Using the entries that follow, transcribe only the lines from the line with "Trước hết, bạn" to the line with "Etajera colt 4 rafturi, 86 x 20 cm, Alb", both included, exactly as they stand and without pictures.

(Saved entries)
>>
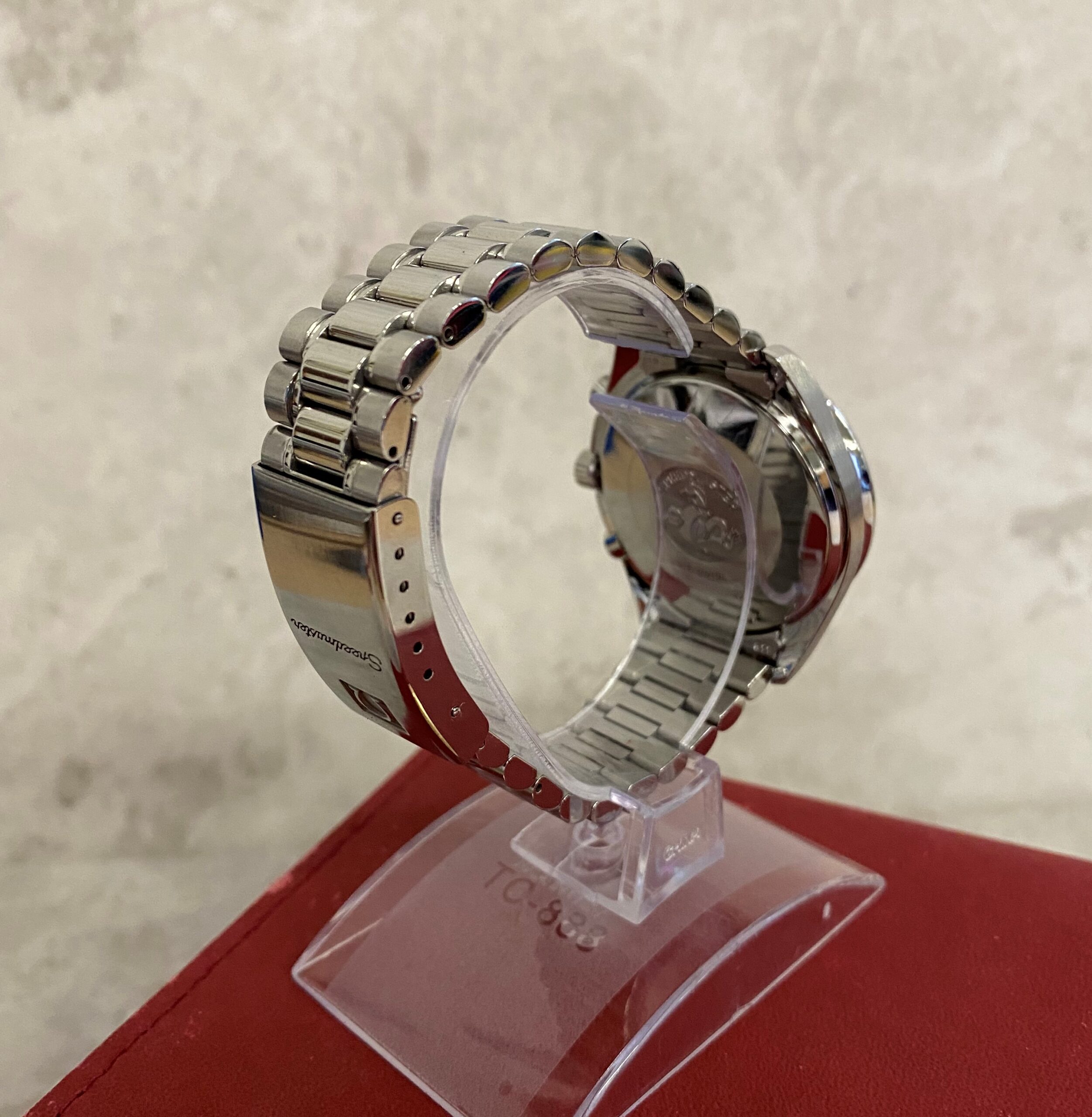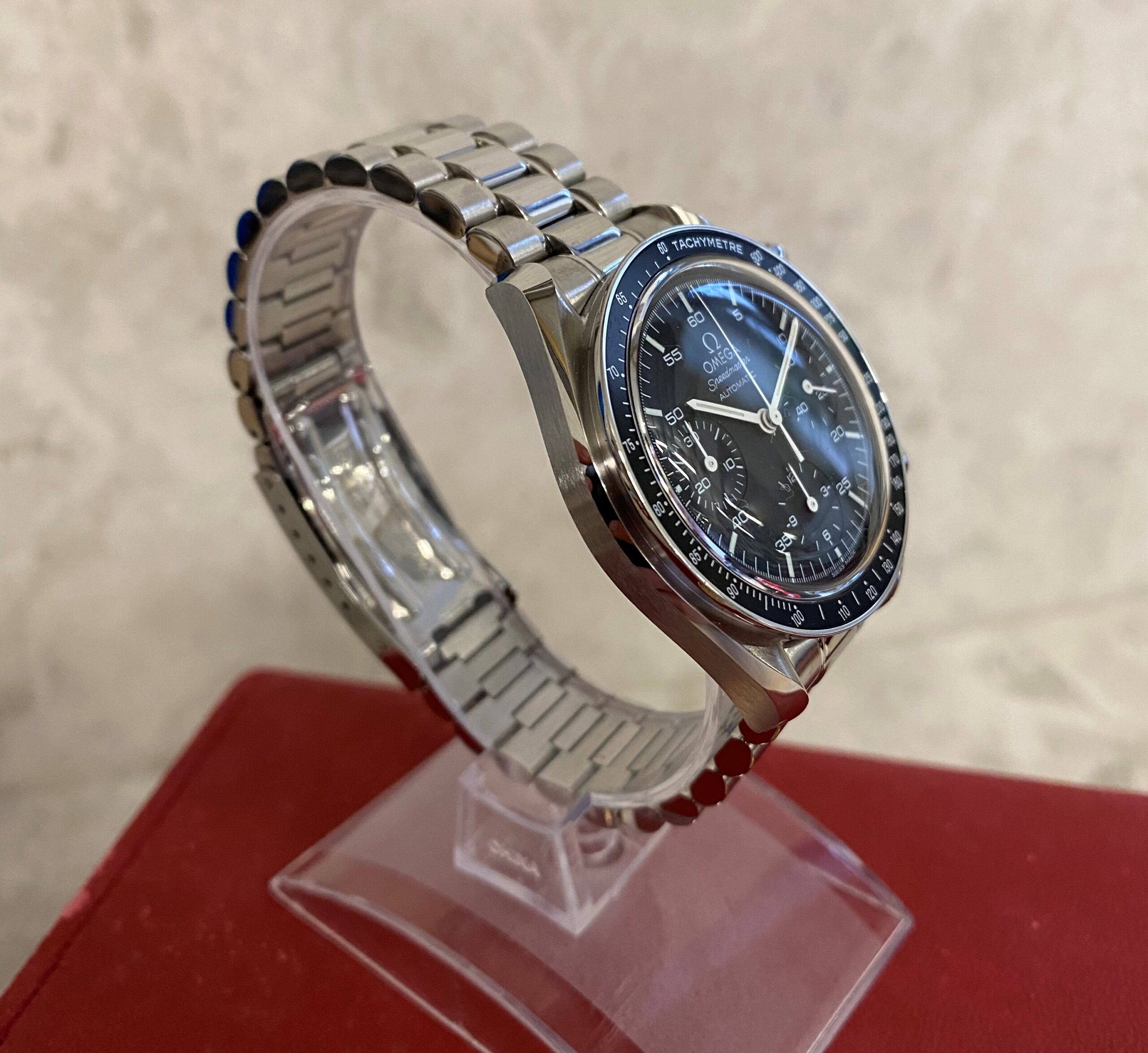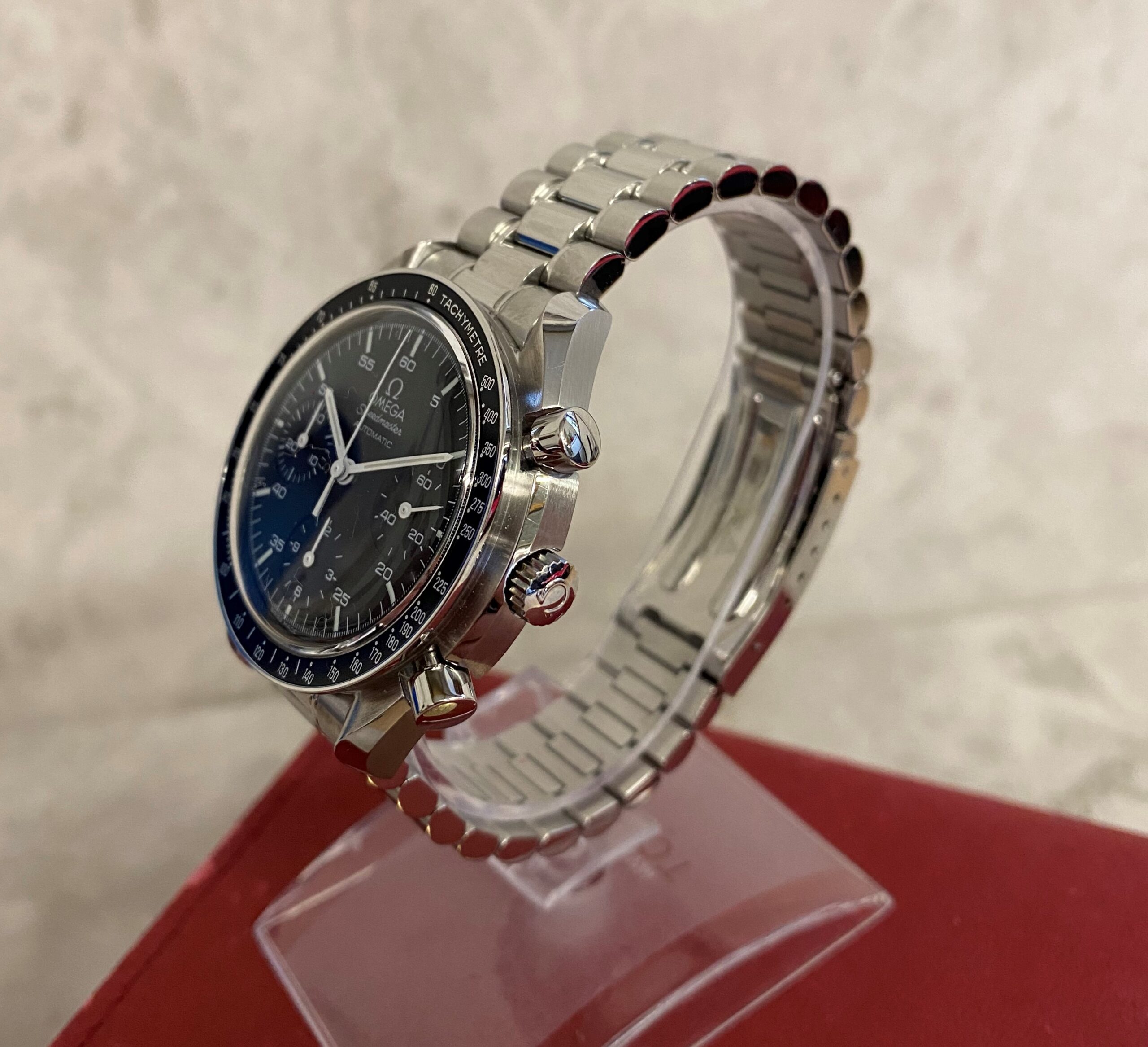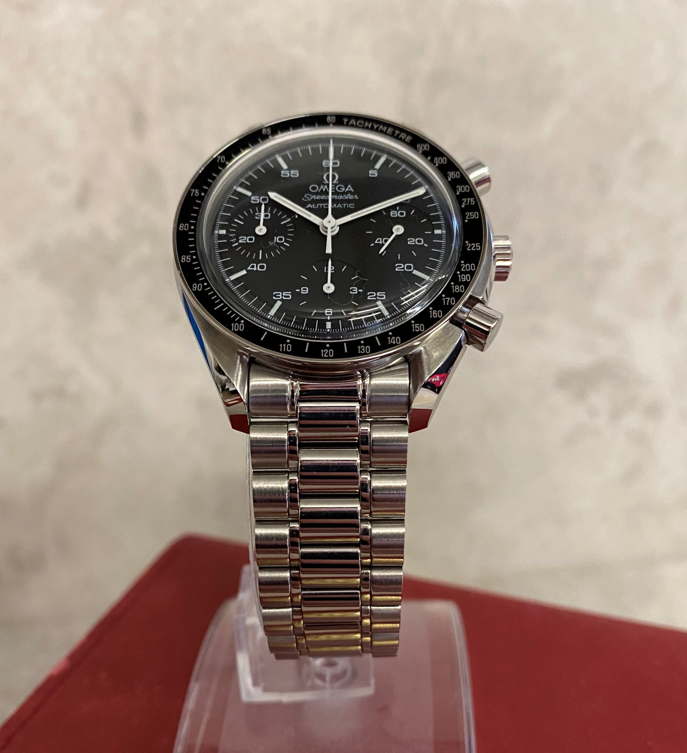 The Omega Speedmaster is one of the most iconic chronograph models ever made. Famously, it was a Speedmaster Professional that Buzz Aldrin wore when he stepped onto the moon in 1969. The flat black bezel is calibrated for tachymeter and the steel case has flaring sides with combinations of polished and satin finishes. The stainless steel bracelet is detachable and this watch may be worn with a strap if preferred. Named the ‘Reduced’ Speedmaster this model has a slightly smaller case diameter of 39mm rather than the 42mm diameter of the standard Speedmaster, it is also an automatic rather than manually wound version of the Speedmaster family.
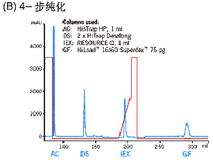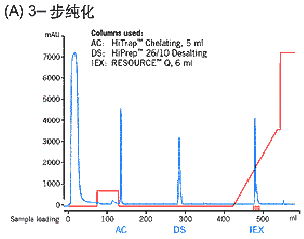 图2.(A)GFP-His6,28kDa蛋白质的三步纯化(AC-DS-IEX)。(B)MBP-His6,43
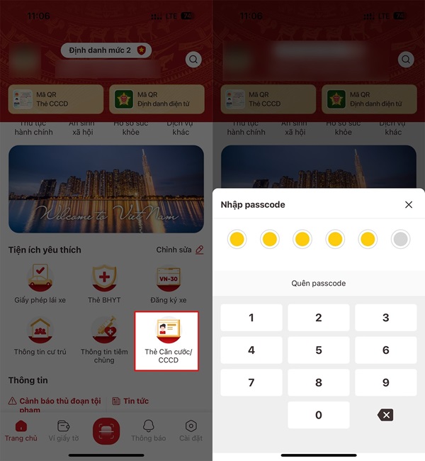 Trước hết, bạn hãy mở ứng dụng VneID trên điện thoại và nhấn chọn mục Thẻ căn cước/CCCD. Sau đó, hãy nhập mật khẩu để có thể truy cập vào Căn cước công dân điện tử.
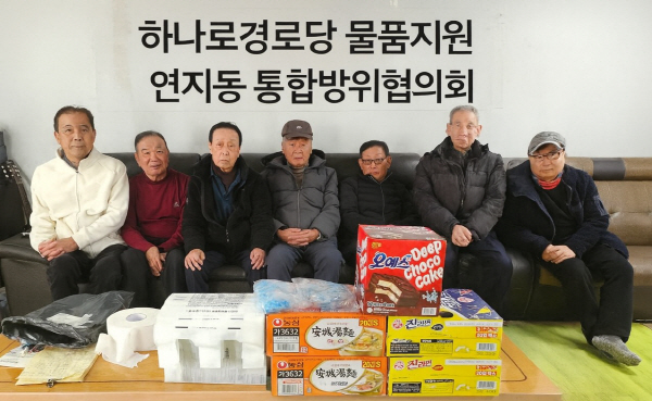 ºÎ»êÁø±¸ ¿¬Áöµ¿ ÅëÇÕ¹æÀ§ÇùÀÇȸ(ȸÀå ±è¼ºÁø)´Â 12¿ù 3ÀÏ(¼ö)¿¡ ¿¬¸»À» ¸Â¾Æ °ü³» °á¿¬À» ¸ÎÀº Çϳª·Î °æ·Î´çÀ» ¹æ¹®ÇÏ¿© ¾î¸£½Åµé²² ¹°Ç°À» Àü´ÞÇÏ°í ¾ÈºÎ¸¦ »ìÆñ´Ù.
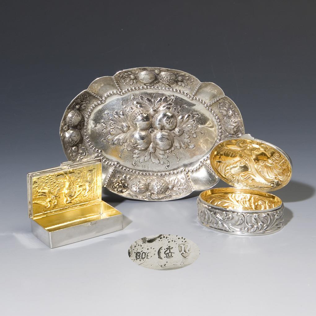 Floral und figural reliefiert. Dosen innen vergoldet, mit Scharnierdeckel und Daumengriff. Punzen: Feingehalt, zwei Fabrikmarken, einmal Halbmond und Krone.
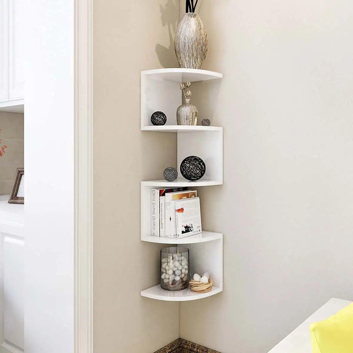 Etajera colt 4 rafturi, 86 x 20 cm, Alb
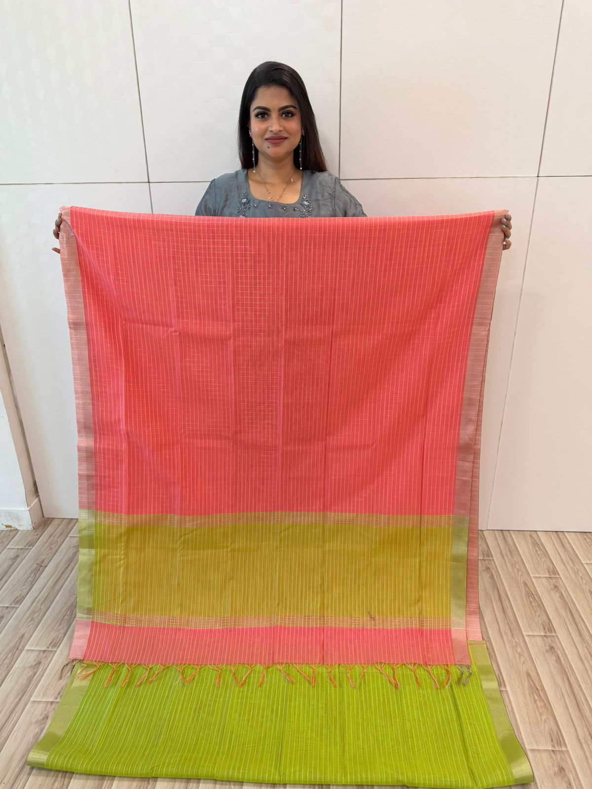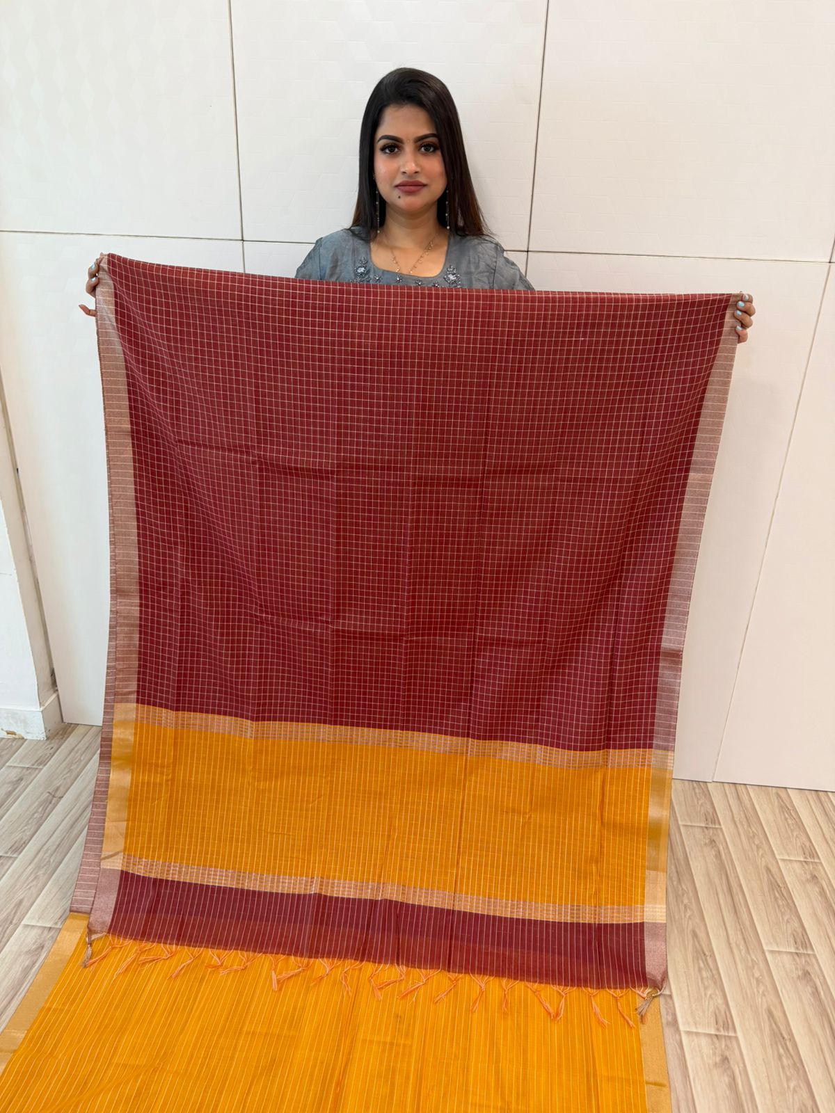 Indha saree avlo compliments kedachudhu 100 % apdi eruku saree. effortless uh drape panna varudhu.thankyou so much kiruthikha's boutique
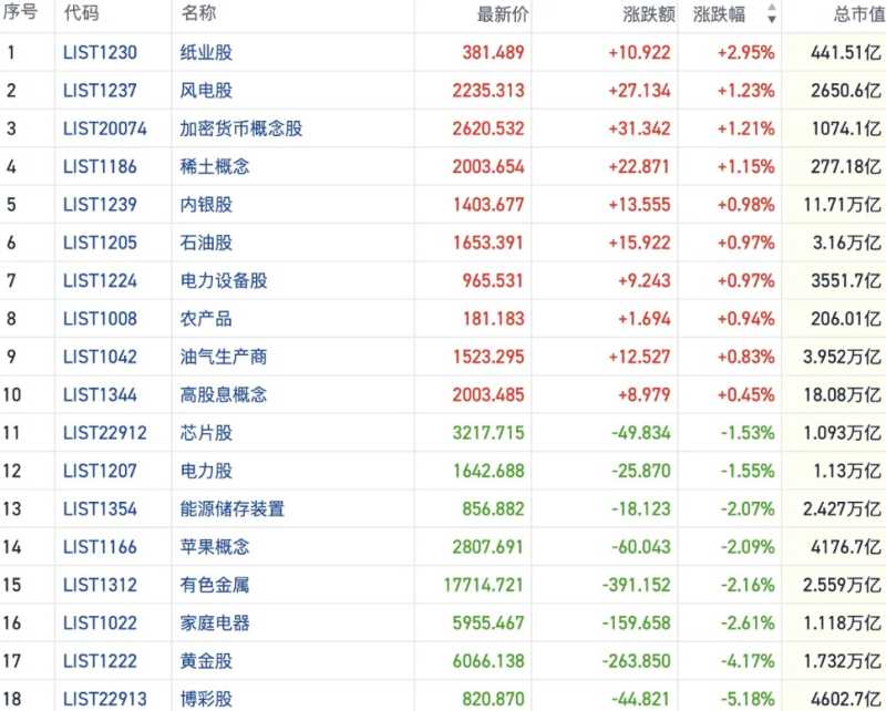 其他方向上,今日博彩股跌幅居前,黄金股全线下跌。此外,券商、影视、家电、半导体、保险等行业也多数表现低迷。
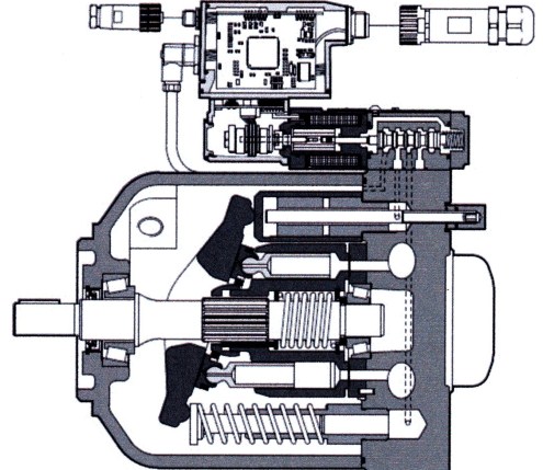 Рис. 1. Насос с пропорциональным электроуправлением фирмы Atos В условиях значительных усилий и скоростей, требований высокой точности и хорошей динамики, наличия больших пиковых нагрузок и температур наибольшее применение находят регулируемые аксиально-поршневые насосы с наклонным диском мод. A10VSO (номинальное давление рном = 28 МПа, пиковое рпик = 35 МПа, рабочий объём Vо = 10...140 см3).
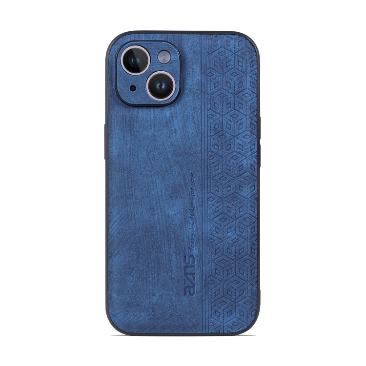 Estuche para teléfono Azns iPhone 14 con sensación de piel en relieve 3D (Azul Zafiro)
<<
▸ Task response
 Trước hết, bạn hãy mở ứng dụng VneID trên điện thoại và nhấn chọn mục Thẻ căn cước/CCCD. Sau đó, hãy nhập mật khẩu để có thể truy cập vào Căn cước công dân điện tử.
 ºÎ»êÁø±¸ ¿¬Áöµ¿ ÅëÇÕ¹æÀ§ÇùÀÇȸ(ȸÀå ±è¼ºÁø)´Â 12¿ù 3ÀÏ(¼ö)¿¡ ¿¬¸»À» ¸Â¾Æ °ü³» °á¿¬À» ¸ÎÀº Çϳª·Î °æ·Î´çÀ» ¹æ¹®ÇÏ¿© ¾î¸£½Åµé²² ¹°Ç°À» Àü´ÞÇÏ°í ¾ÈºÎ¸¦ »ìÆñ´Ù.
 Floral und figural reliefiert. Dosen innen vergoldet, mit Scharnierdeckel und Daumengriff. Punzen: Feingehalt, zwei Fabrikmarken, einmal Halbmond und Krone.
 Etajera colt 4 rafturi, 86 x 20 cm, Alb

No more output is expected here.